Ronnie Shanklin

No. 25
- Position: Wide receiver

Personal information
- Born: January 21, 1948 Hubbard, Texas, U.S.
- Died: April 17, 2003 (aged 55) DeSoto, Texas, U.S.
- Listed height: 6 ft 1 in (1.85 m)
- Listed weight: 183 lb (83 kg)

Career information
- High school: Carver (Amarillo, Texas)
- College: North Texas (1967-1969)
- NFL draft: 1970 (2nd round, 28th overall pick)

Career history
- Pittsburgh Steelers (1970–1974); Chicago Bears (1975–1976);

Awards and highlights
- Super Bowl champion (IX); Pro Bowl (1973);

Career NFL statistics
- Receptions: 168
- Receiving yards: 3,079
- Receiving touchdowns: 24
- Stats at Pro Football Reference

= Ronnie Shanklin =

American football player (1948–2003)

Ronnie Shanklin (January 21, 1948 – April 17, 2003) was an American professional football player who was a wide receiver for six seasons in the National Football League (NFL) with the Pittsburgh Steelers and the Chicago Bears. He also played college football for the North Texas Mean Green.

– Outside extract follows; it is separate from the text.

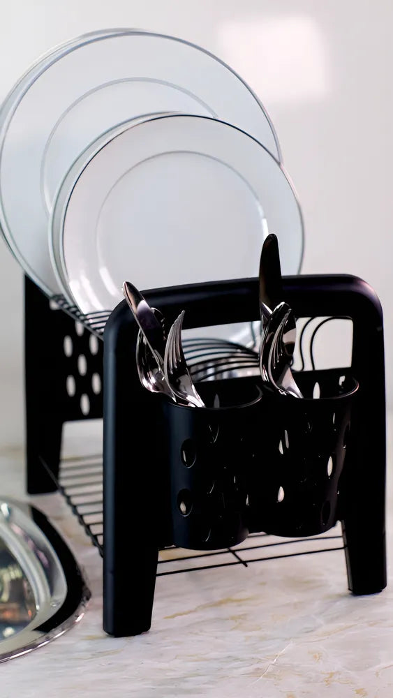 Fabricado em plástico e aço, o Escorredor Arthi é resistente e durável, garantindo o máximo de desempenho e proteção contra ferrugem. O acabamento em preto adiciona um toque de sofisticação, combinando facilmente com outros itens de sua cozinha.

He was a member of the 1974 Steelers squad that defeated the Minnesota Vikings in Super Bowl IX. He was also a part of the 1972 Steelers team that defeated the Oakland Raiders in the Immaculate Reception playoff game (their first post-season appearance since 1947) and the 1973 Steelers that lost to the Raiders in the first round of the playoffs.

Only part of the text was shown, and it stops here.